About this task: Every entry below should be copied exactly, minus the pictures.

Dataset:
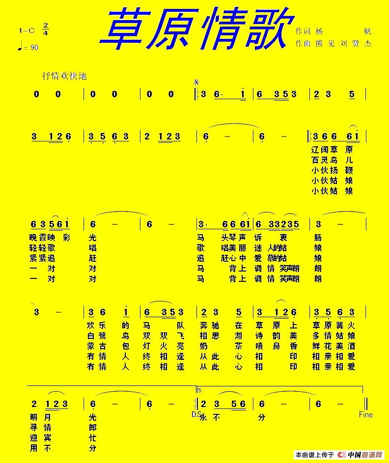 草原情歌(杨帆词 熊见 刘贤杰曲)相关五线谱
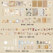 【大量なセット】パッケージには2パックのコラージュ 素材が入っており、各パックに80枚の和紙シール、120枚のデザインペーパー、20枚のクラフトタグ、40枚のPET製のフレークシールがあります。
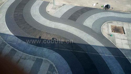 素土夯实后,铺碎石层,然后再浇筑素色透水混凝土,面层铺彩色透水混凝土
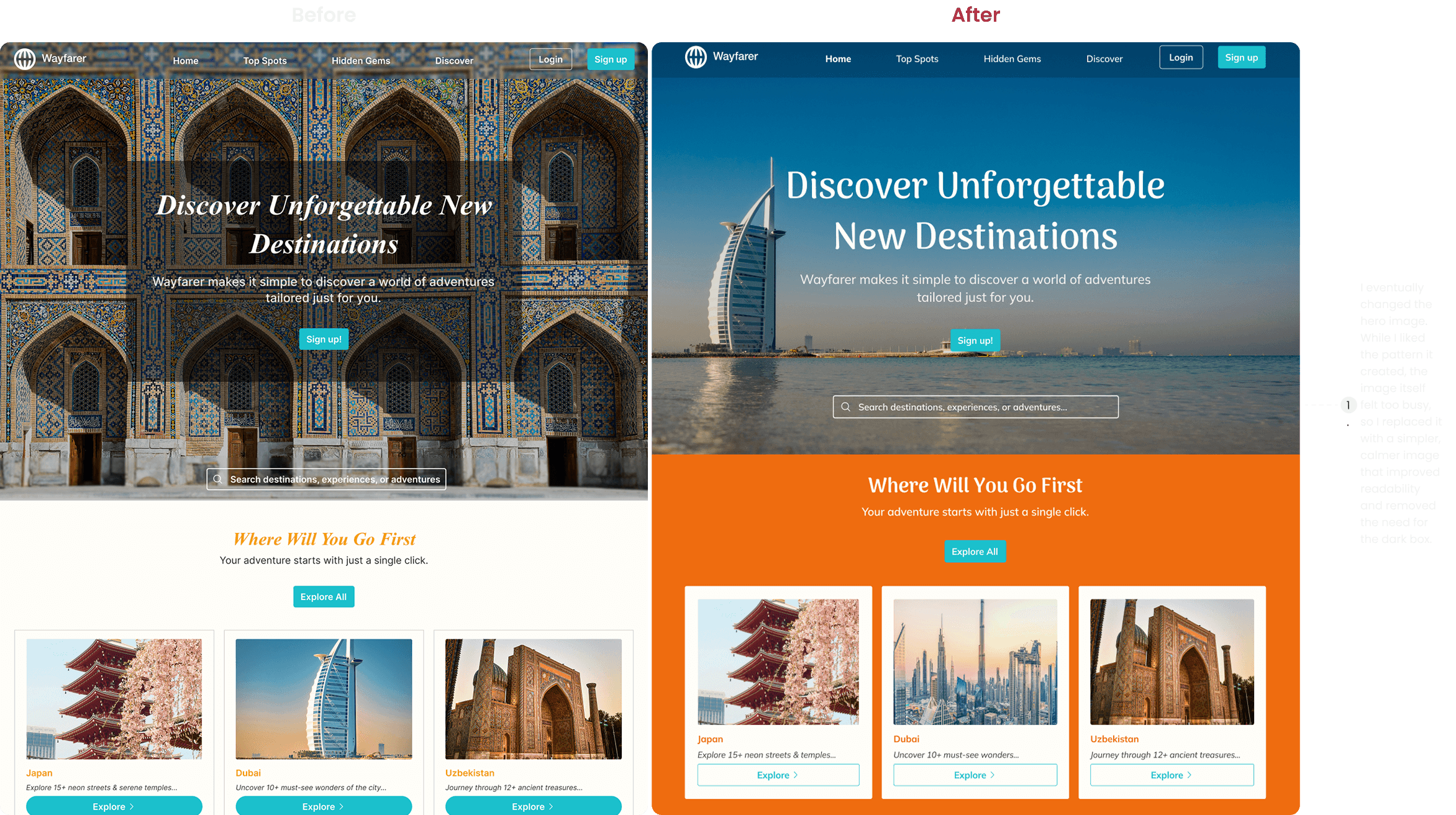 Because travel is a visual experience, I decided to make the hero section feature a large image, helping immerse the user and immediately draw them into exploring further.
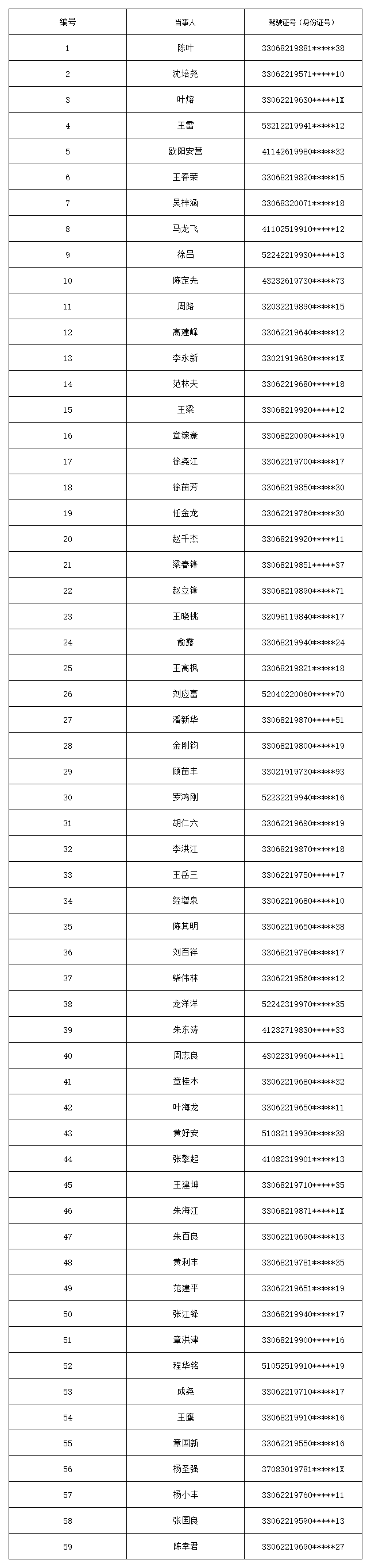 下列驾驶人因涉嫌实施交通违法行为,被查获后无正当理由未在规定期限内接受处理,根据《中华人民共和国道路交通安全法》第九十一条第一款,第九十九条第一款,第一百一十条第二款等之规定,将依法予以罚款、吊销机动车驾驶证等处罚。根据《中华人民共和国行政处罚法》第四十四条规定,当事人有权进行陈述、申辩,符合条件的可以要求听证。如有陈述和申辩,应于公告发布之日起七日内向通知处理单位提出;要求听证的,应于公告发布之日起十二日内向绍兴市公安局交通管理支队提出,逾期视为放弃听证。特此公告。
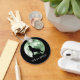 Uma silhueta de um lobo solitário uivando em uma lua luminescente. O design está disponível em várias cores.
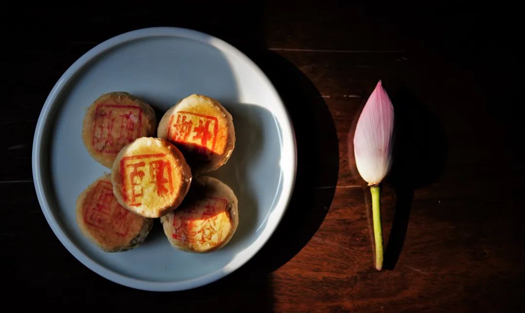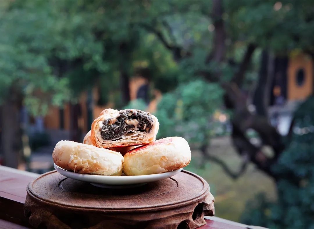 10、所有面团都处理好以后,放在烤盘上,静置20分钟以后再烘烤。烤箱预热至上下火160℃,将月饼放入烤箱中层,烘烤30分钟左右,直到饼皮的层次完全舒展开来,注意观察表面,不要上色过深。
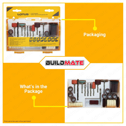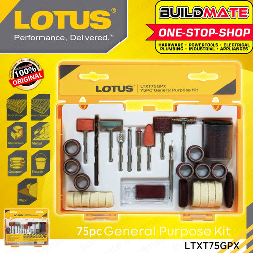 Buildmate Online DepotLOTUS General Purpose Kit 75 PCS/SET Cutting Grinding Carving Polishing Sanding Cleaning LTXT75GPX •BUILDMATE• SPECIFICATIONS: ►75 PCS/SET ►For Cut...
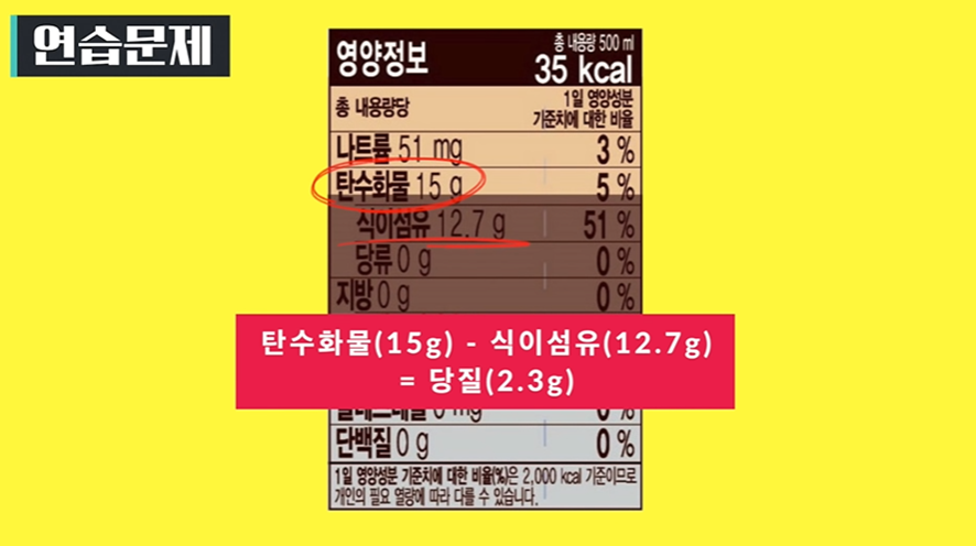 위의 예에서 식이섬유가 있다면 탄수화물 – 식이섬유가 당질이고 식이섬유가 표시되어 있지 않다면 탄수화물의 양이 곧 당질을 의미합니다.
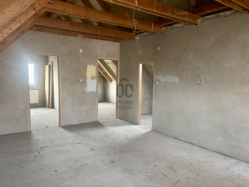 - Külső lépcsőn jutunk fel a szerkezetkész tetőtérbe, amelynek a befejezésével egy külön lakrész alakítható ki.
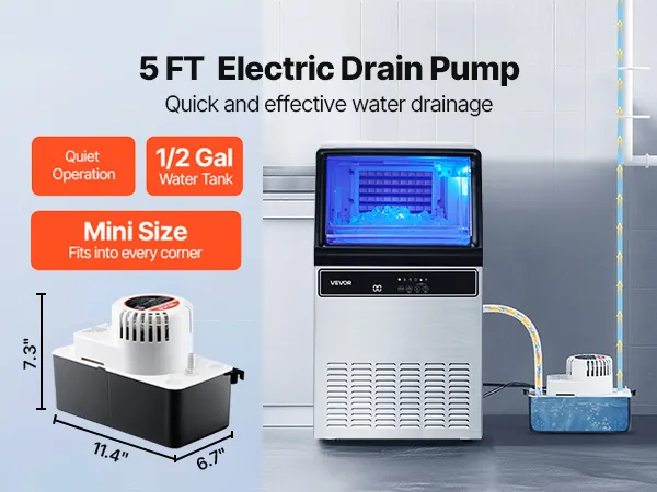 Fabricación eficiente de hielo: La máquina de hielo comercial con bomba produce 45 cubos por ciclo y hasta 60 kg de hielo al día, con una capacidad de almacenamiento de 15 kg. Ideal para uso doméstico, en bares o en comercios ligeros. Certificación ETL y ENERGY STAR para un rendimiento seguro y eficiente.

Answer section:
 草原情歌(杨帆词 熊见 刘贤杰曲)相关五线谱
 【大量なセット】パッケージには2パックのコラージュ 素材が入っており、各パックに80枚の和紙シール、120枚のデザインペーパー、20枚のクラフトタグ、40枚のPET製のフレークシールがあります。
 素土夯实后,铺碎石层,然后再浇筑素色透水混凝土,面层铺彩色透水混凝土
 Because travel is a visual experience, I decided to make the hero section feature a large image, helping immerse the user and immediately draw them into exploring further.
 下列驾驶人因涉嫌实施交通违法行为,被查获后无正当理由未在规定期限内接受处理,根据《中华人民共和国道路交通安全法》第九十一条第一款,第九十九条第一款,第一百一十条第二款等之规定,将依法予以罚款、吊销机动车驾驶证等处罚。根据《中华人民共和国行政处罚法》第四十四条规定,当事人有权进行陈述、申辩,符合条件的可以要求听证。如有陈述和申辩,应于公告发布之日起七日内向通知处理单位提出;要求听证的,应于公告发布之日起十二日内向绍兴市公安局交通管理支队提出,逾期视为放弃听证。特此公告。
 Uma silhueta de um lobo solitário uivando em uma lua luminescente. O design está disponível em várias cores.
 10、所有面团都处理好以后,放在烤盘上,静置20分钟以后再烘烤。烤箱预热至上下火160℃,将月饼放入烤箱中层,烘烤30分钟左右,直到饼皮的层次完全舒展开来,注意观察表面,不要上色过深。
 Buildmate Online DepotLOTUS General Purpose Kit 75 PCS/SET Cutting Grinding Carving Polishing Sanding Cleaning LTXT75GPX •BUILDMATE• SPECIFICATIONS: ►75 PCS/SET ►For Cut...
 위의 예에서 식이섬유가 있다면 탄수화물 – 식이섬유가 당질이고 식이섬유가 표시되어 있지 않다면 탄수화물의 양이 곧 당질을 의미합니다.
 - Külső lépcsőn jutunk fel a szerkezetkész tetőtérbe, amelynek a befejezésével egy külön lakrész alakítható ki.
 Fabricación eficiente de hielo: La máquina de hielo comercial con bomba produce 45 cubos por ciclo y hasta 60 kg de hielo al día, con una capacidad de almacenamiento de 15 kg. Ideal para uso doméstico, en bares o en comercios ligeros. Certificación ETL y ENERGY STAR para un rendimiento seguro y eficiente.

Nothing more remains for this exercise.